The testimony adduced before the court sustains the allegations of claimant’s answer, for the oral evidence heard by the court showed that the automobile belongs to the claimant, E. H. Blynn; that it was put in a garage at Montgomery for safe-keeping, and claimant paid for the keep, for a few days, while claimant was absent from Montgomery; that the claimant gave positive instructions to the owner of and to all those having any connection with the garage that the automobile should not be used by any one for any purpose whatever during his absence; that after several days’ absence from Montgomery he returned to get his automobile, in order to use it in his business as traveling salesman; and that he then found it had been seized by and was in the possession of the federal prohibition officer. Furthermore, it was established at' this trial that B. A. Kilgrow, without the knowledge, consent, or privity of the owner, the claimant, had wrongfully taken the claimant’s automobile, driven it to Crenshaw county, and there obtained 20 gallons of moonshine whisky, and was bringing it to Montgomery in the automobile when he and the automobile were apprehended by the prohibition officer within a few miles of Montgomery; that Kilgrow was the occupant and driver of the automobile at the time of its seizure, and, I repeat, the proof is clear that such use of the automobile and the transportation of the liquor therein was without the knowledge, consent, privity, or negligence of the claimant, the owner, E. H. Blynn.

I am called upon to decide in this case whether or not Flynn’s automobile, wrongfully taken from the garage where he had left it for safe-keeping (that is to say, taken without his knowledge, consent, privity, or negligence), can be forfeited because the tortfeasor, Kilgrow, unauthorized and wrongly took and used it in the transportation of moonshine whisky, in violation of law.

I have carefully read the opinion in Goldsmith, Jr., v. United States, 254 U. S. 505, 41 S. Ct. 189, 65 L. Ed. 376; and the opinion by Mr. Justice Brandéis, the concurring opinion by Mr. Justice Stone, and the dissenting opinion by Mr.

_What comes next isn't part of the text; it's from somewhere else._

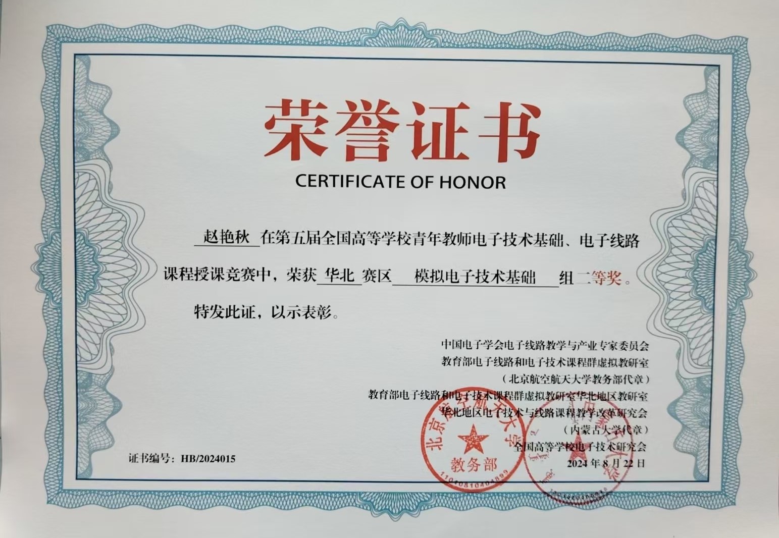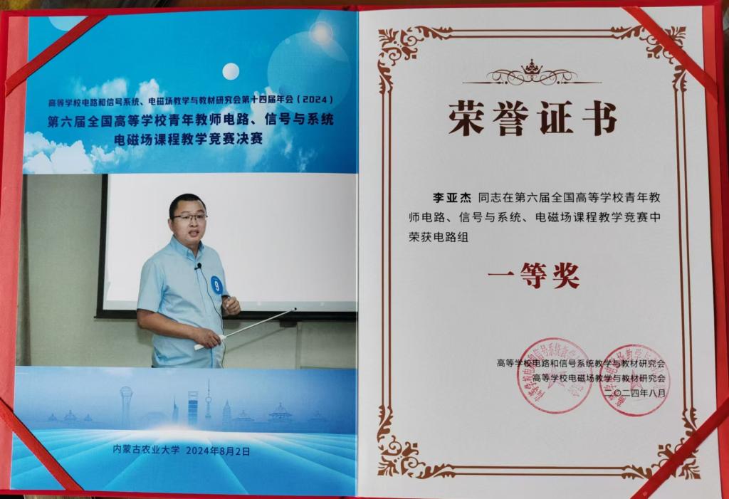 8月1-4日,在“第六届全国高等公司青年教师电路、信号与系统、电磁场课程教学竞赛”中,李亚杰老师获得电路组一等奖。8月12-15日,在“第五届全国高等公司青年教师电子技术基础电子线路课程授课竞赛”中,赵艳秋老师获得华北赛区二等奖。11月15-17日,在“第二届全国高等公司建筑电气与智能化专业教师讲课竞赛”中,郑运昌老师获得二等奖。

Justice Butler, concurred in by Mr. Justice McReynolds and Mr. Justice Sutherland, in United States v. One Ford Coupé Automobile, 47 S. Ct. 154, 71 L. Ed. -, decided November 20, 1926. I have also read the opinion of the Circuit Court of Appeals in that case, styled there United States v. Garth Motor Co., 4 F.(2d) 528. It does not seem that the precise question now before me has been passed upon by the Supreme Court.

I am compelled to believe that section 26 of title 2 of the National Prohibition Act (Comp. St. § 10138%mm) was intended by Congress to recognize natural justice, and that it protects the innocent owner of the automobile against the forfeiture of his property, wrongfully taken and used in the transportation of illicit whisky, where such use was clearly without the knowledge, consent, privity, or negligence of the owner. Under the facts of this ease, and as I understand the law, section 26 saves the interest of the innocent owner from forfeiture.

Accordingly order is entered, directing that the automobile described in the libel be restored to the owner,' and that the libel be dismissed.